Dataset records
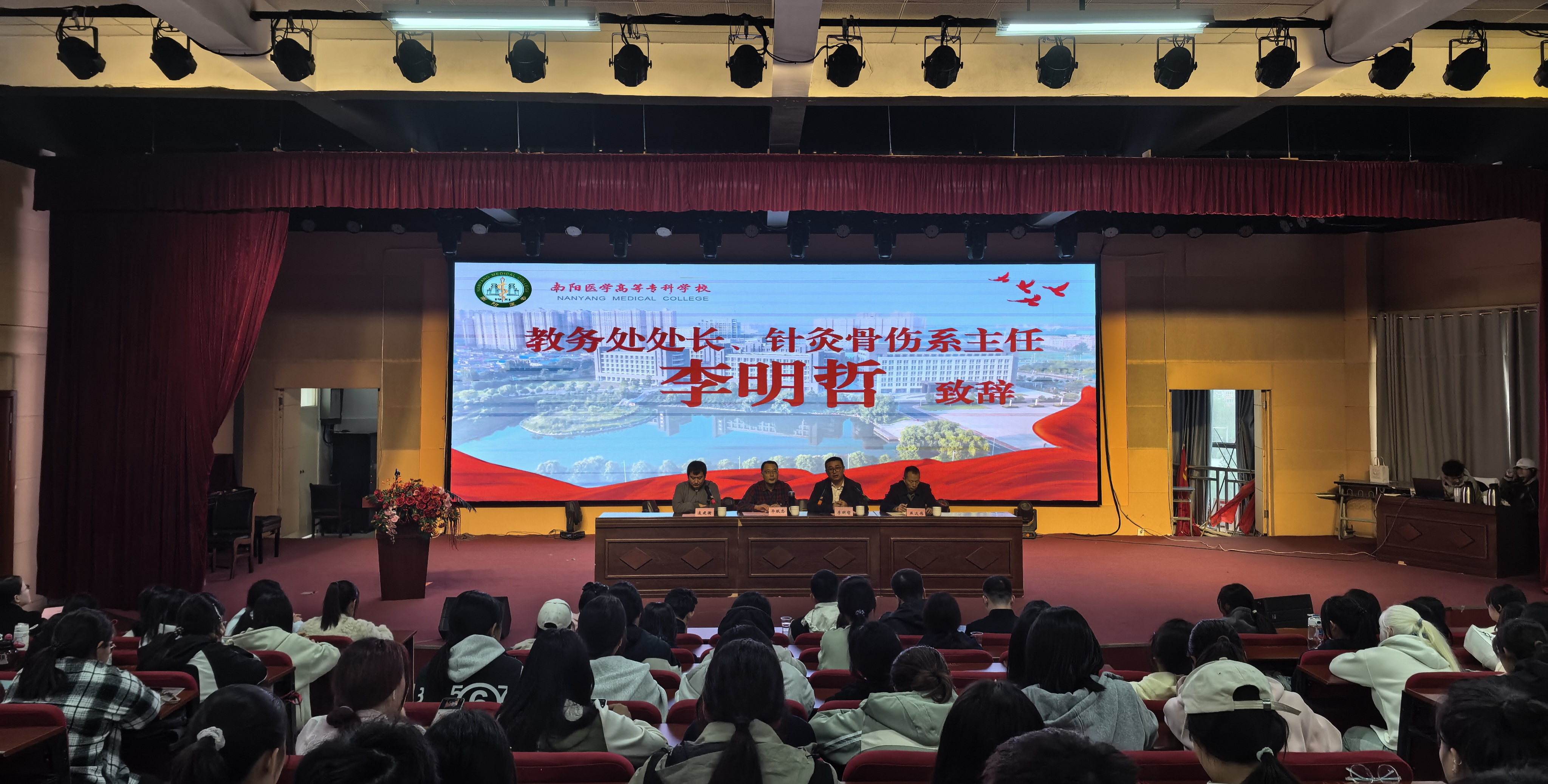 教务处处长兼针灸骨伤系主任李明哲致辞。他指出,学生会是为广大同学学习、生活等方面服务的学生组织,是联系老师和同学的桥梁和纽带。他对新一届学生会成员提出几点期望:一是要加强学习、明确职责,牢固树立服务师生的意识;二是要处理好学习与工作的关系,争做遵守校规校纪的模范;三是要注重团结协作,工作中讲求方法,做到公平公正、文明有礼;四是要传承优良作风,开拓创新,扎实工作,为学校建设贡献青春力量。
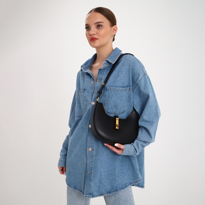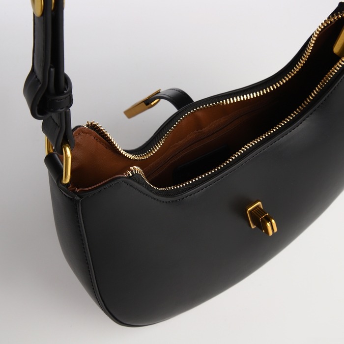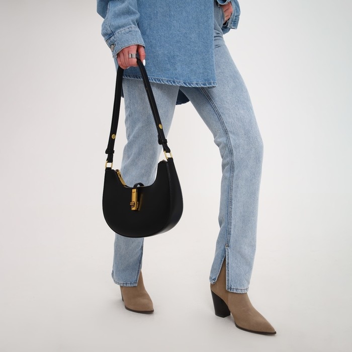 - Стильный дизайн: строгий чёрный цвет и золотая фурнитура придают сумке роскошный вид, подходящий для любого случая.
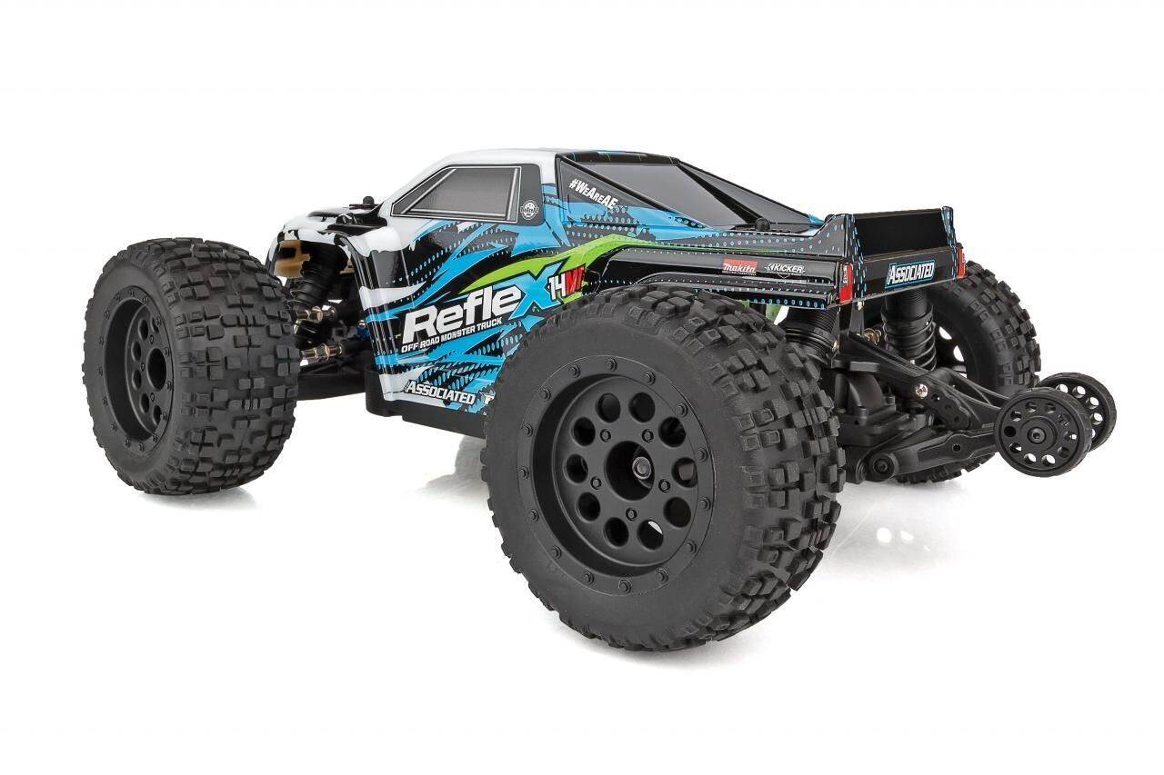 Team Associated's 1:14 scale Reflex 14MT 4WD electric monster truck comes out of the box assembled and ready-to-run! It features a Reedy Power brushless speed control and motor, high-torque digital steering servo, and 2.4GHz radio system. With all that power available at your disposal, you know this monster truck was designed with performance in mind. The versatility offered by the all-terrain tires, adjustable wheelie bar, turnbuckles, caster blocks and rear hubs make the Reflex 14MT ready for any terrain you can throw at it.
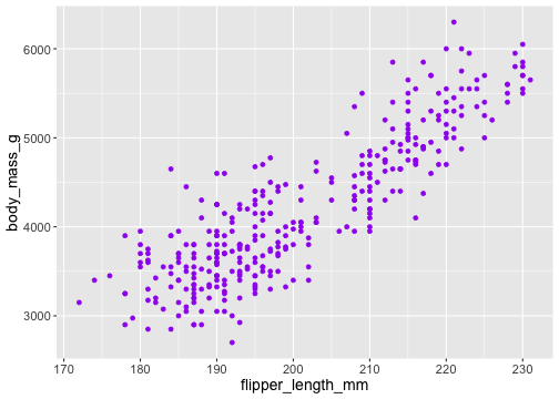 ggplot(penguins) + geom_point( aes(x = flipper_length_mm, y = body_mass_g), colour = 'purple')
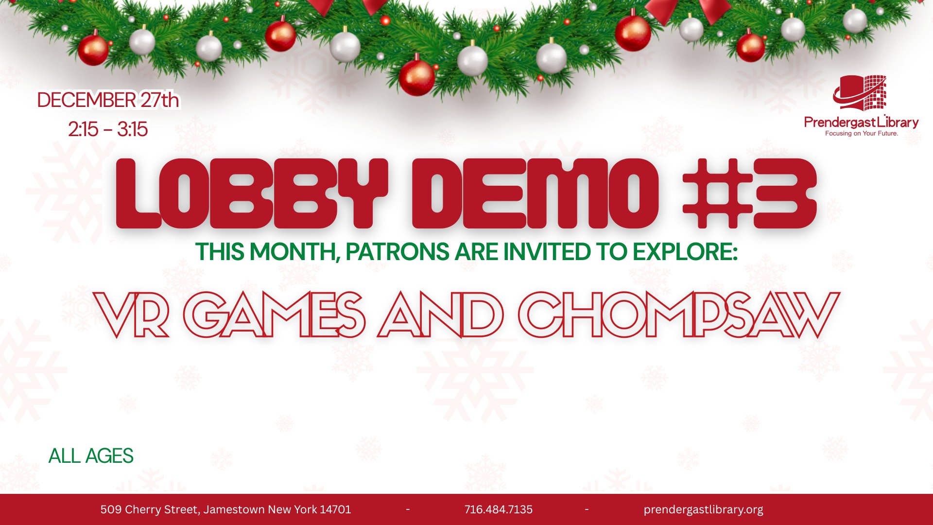 Join us at the library on December 27th from 2:15-3:15 to try out our VR headsets and mess around with the chomp saw to make some crafts!
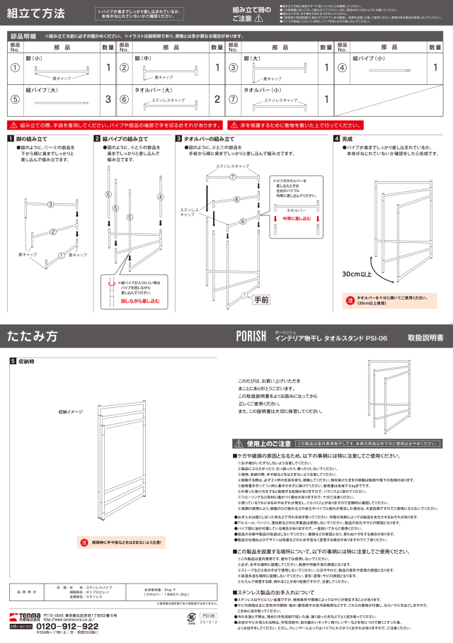 ※タオルバーは十分に開いてご使用ください。(30cm以上推奨) - 組立説明書
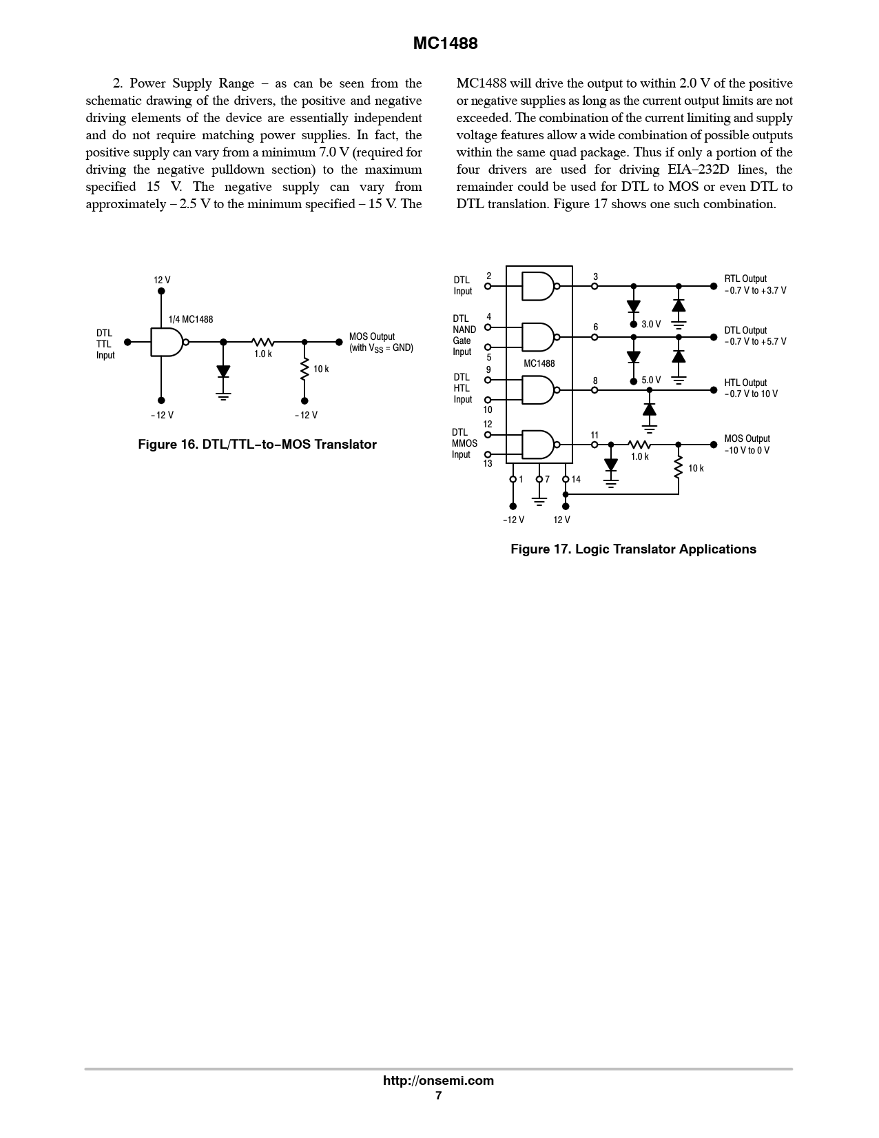 MC1488. Figure 16. DTL/TTL−to−MOS Translator. Figure 17. Logic Translator Applications. http://onsemi.com
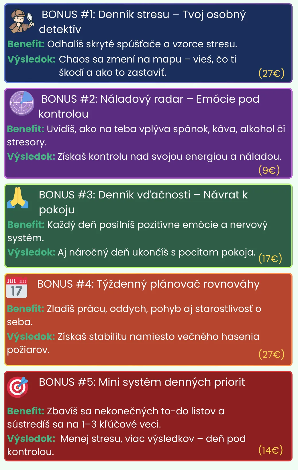 🧰 Bonusové nástroje – denníky, krízové karty, relaxačné pomôcky.
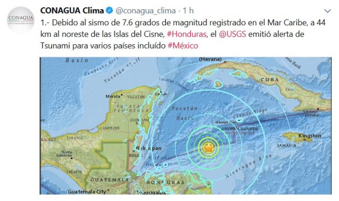1.- Debido al sismo de 7.6 grados de magnitud registrado en el Mar Caribe, a 44 km al noreste de las Islas del Cisne, #Honduras, el @USGS emitió alerta de Tsunami para varios países incluído #México pic.twitter.com/LmDWS9ss4O
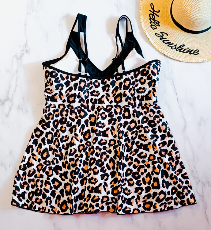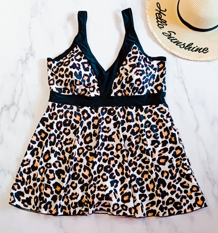 مایو دامندار زنانه با شورت پادار متصل طرح پلنگی سایز بزرگ
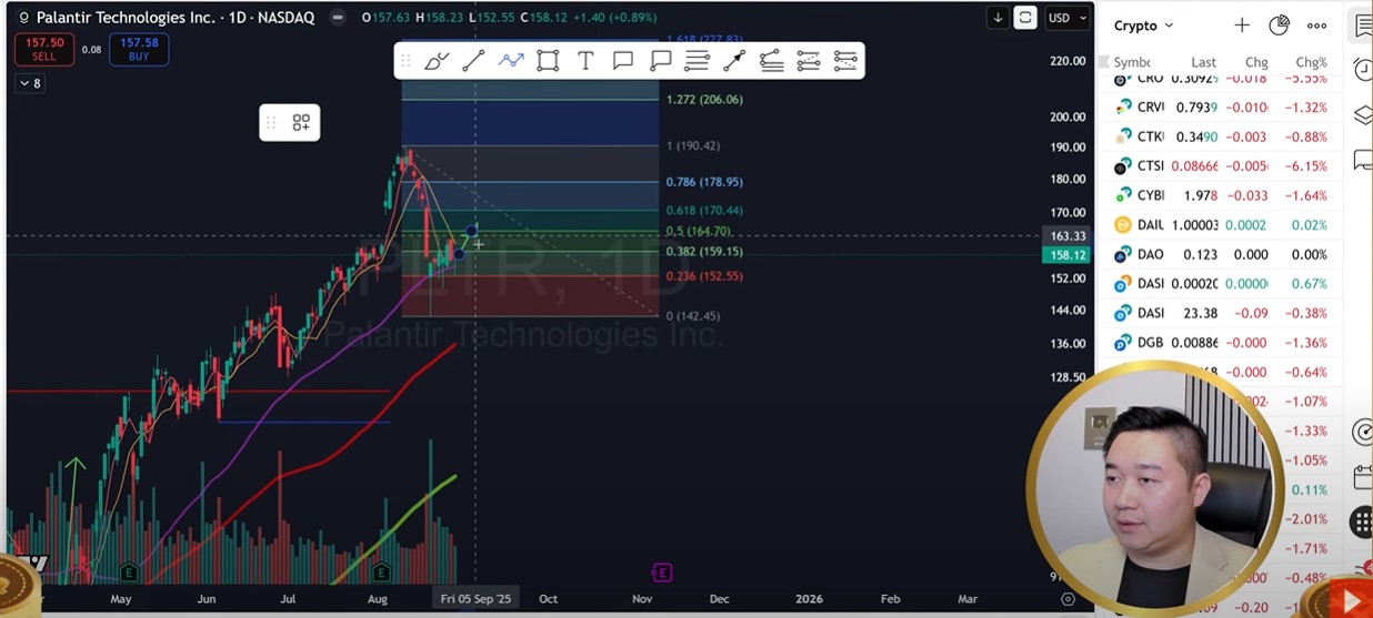 - PLTR đã đi đúng phân tích trước: từ 177 USD bounce nhẹ rồi rớt xuống, vượt cả target 160 USD và chạm 142 USD.
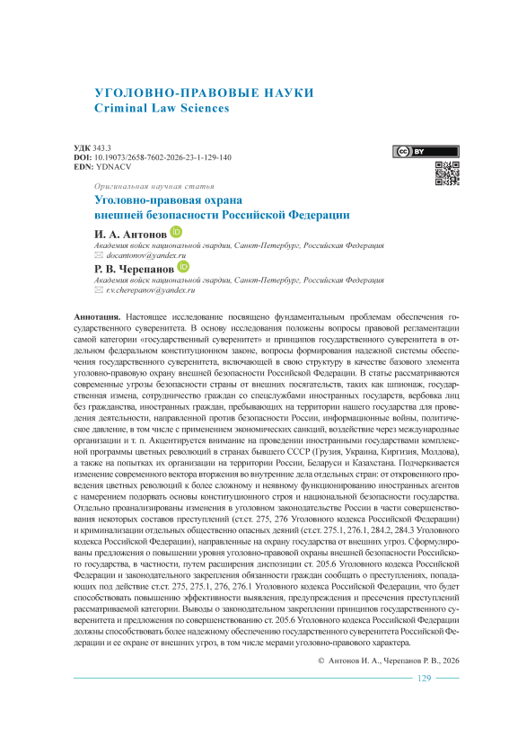 IDR: 143185480 | УДК: 343.3 | DOI: 10.19073/2658-7602-2026-23-1-129-140
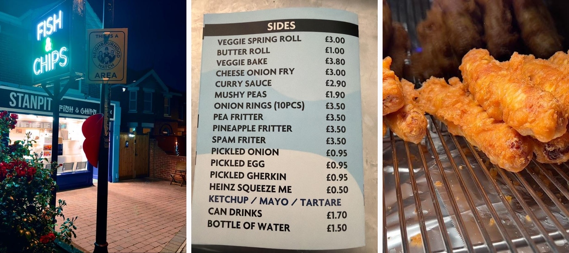 Discover the delicious taste of Stanpit Fish and Chips in Christchurch! Enjoy freshly cooked fish and chips, scampi, and pea fritters, just steps from the beach. Perfect for takeaway or a holiday treat, our eatery is known for its friendly atmosphere and vibrant queues. Visit us at 186 Stanpit for a true local favorite!
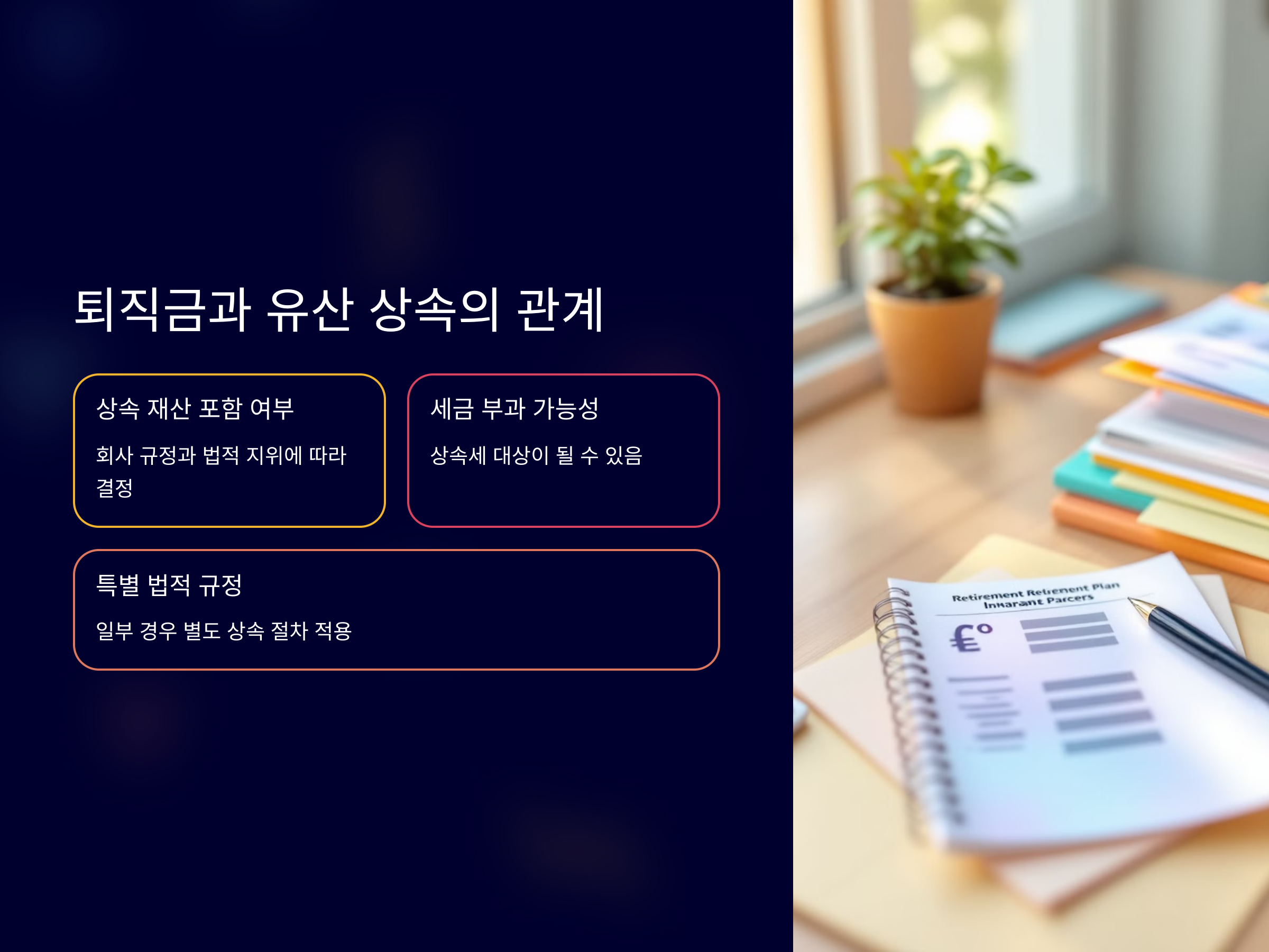 퇴직금이 상속 재산에 포함될지 여부는 회사의 규정과 상속인의 법적 지위에 따라 달라질 수 있습니다. 퇴직금이 상속 재산에 포함될 경우, 상속세가 부과될 수 있기 때문에 이를 사전에 고려하고 준비하는 것이 중요합니다. 퇴직금은 상속 재산의 일부로 간주되지만, 때로는 특정한 법적 규정에 따라 상속이 이루어지기도 합니다.
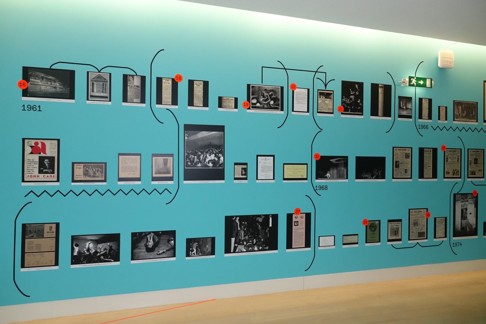 Organizada em três núcleos, a exposição aborda “por um lado, os anos de formação de Madalena Biscaia Farinha (mais tarde Perdigão) em Coimbra e a década de 1950, enquadrando as atividades das associações musicais a que pertence e dos grupos universitários TEUC e CITAC. Por outro, o fim dos anos 1960 e a vinda de Merce Cunningham e de outras companhias de fôlego ao Teatro de Gil Vicente (mais tarde TAGV) em plena agitação estudantil e ao lado da atividade do CAPC e da emergência da performance arte. Por fim, o surgimento da chamada “Nova Dança Portuguesa” na década de 1990 que coincide com o apogeu da Bienal Universitária de Coimbra, numa altura em que a cidade era um ponto expressivo da contracultura no país”, como também referem os curadores.

## PROBLEM
From the first line to the last, retype the entries above exactly, minus the pictures.

## OUTPUT OF THE EXERCISE
 教务处处长兼针灸骨伤系主任李明哲致辞。他指出,学生会是为广大同学学习、生活等方面服务的学生组织,是联系老师和同学的桥梁和纽带。他对新一届学生会成员提出几点期望:一是要加强学习、明确职责,牢固树立服务师生的意识;二是要处理好学习与工作的关系,争做遵守校规校纪的模范;三是要注重团结协作,工作中讲求方法,做到公平公正、文明有礼;四是要传承优良作风,开拓创新,扎实工作,为学校建设贡献青春力量。
 - Стильный дизайн: строгий чёрный цвет и золотая фурнитура придают сумке роскошный вид, подходящий для любого случая.
 Team Associated's 1:14 scale Reflex 14MT 4WD electric monster truck comes out of the box assembled and ready-to-run! It features a Reedy Power brushless speed control and motor, high-torque digital steering servo, and 2.4GHz radio system. With all that power available at your disposal, you know this monster truck was designed with performance in mind. The versatility offered by the all-terrain tires, adjustable wheelie bar, turnbuckles, caster blocks and rear hubs make the Reflex 14MT ready for any terrain you can throw at it.
 ggplot(penguins) + geom_point( aes(x = flipper_length_mm, y = body_mass_g), colour = 'purple')
 Join us at the library on December 27th from 2:15-3:15 to try out our VR headsets and mess around with the chomp saw to make some crafts!
 ※タオルバーは十分に開いてご使用ください。(30cm以上推奨) - 組立説明書
 MC1488. Figure 16. DTL/TTL−to−MOS Translator. Figure 17. Logic Translator Applications. http://onsemi.com
 🧰 Bonusové nástroje – denníky, krízové karty, relaxačné pomôcky.
1.- Debido al sismo de 7.6 grados de magnitud registrado en el Mar Caribe, a 44 km al noreste de las Islas del Cisne, #Honduras, el @USGS emitió alerta de Tsunami para varios países incluído #México pic.twitter.com/LmDWS9ss4O
 مایو دامندار زنانه با شورت پادار متصل طرح پلنگی سایز بزرگ
 - PLTR đã đi đúng phân tích trước: từ 177 USD bounce nhẹ rồi rớt xuống, vượt cả target 160 USD và chạm 142 USD.
 IDR: 143185480 | УДК: 343.3 | DOI: 10.19073/2658-7602-2026-23-1-129-140
 Discover the delicious taste of Stanpit Fish and Chips in Christchurch! Enjoy freshly cooked fish and chips, scampi, and pea fritters, just steps from the beach. Perfect for takeaway or a holiday treat, our eatery is known for its friendly atmosphere and vibrant queues. Visit us at 186 Stanpit for a true local favorite!
 퇴직금이 상속 재산에 포함될지 여부는 회사의 규정과 상속인의 법적 지위에 따라 달라질 수 있습니다. 퇴직금이 상속 재산에 포함될 경우, 상속세가 부과될 수 있기 때문에 이를 사전에 고려하고 준비하는 것이 중요합니다. 퇴직금은 상속 재산의 일부로 간주되지만, 때로는 특정한 법적 규정에 따라 상속이 이루어지기도 합니다.
 Organizada em três núcleos, a exposição aborda “por um lado, os anos de formação de Madalena Biscaia Farinha (mais tarde Perdigão) em Coimbra e a década de 1950, enquadrando as atividades das associações musicais a que pertence e dos grupos universitários TEUC e CITAC. Por outro, o fim dos anos 1960 e a vinda de Merce Cunningham e de outras companhias de fôlego ao Teatro de Gil Vicente (mais tarde TAGV) em plena agitação estudantil e ao lado da atividade do CAPC e da emergência da performance arte. Por fim, o surgimento da chamada “Nova Dança Portuguesa” na década de 1990 que coincide com o apogeu da Bienal Universitária de Coimbra, numa altura em que a cidade era um ponto expressivo da contracultura no país”, como também referem os curadores.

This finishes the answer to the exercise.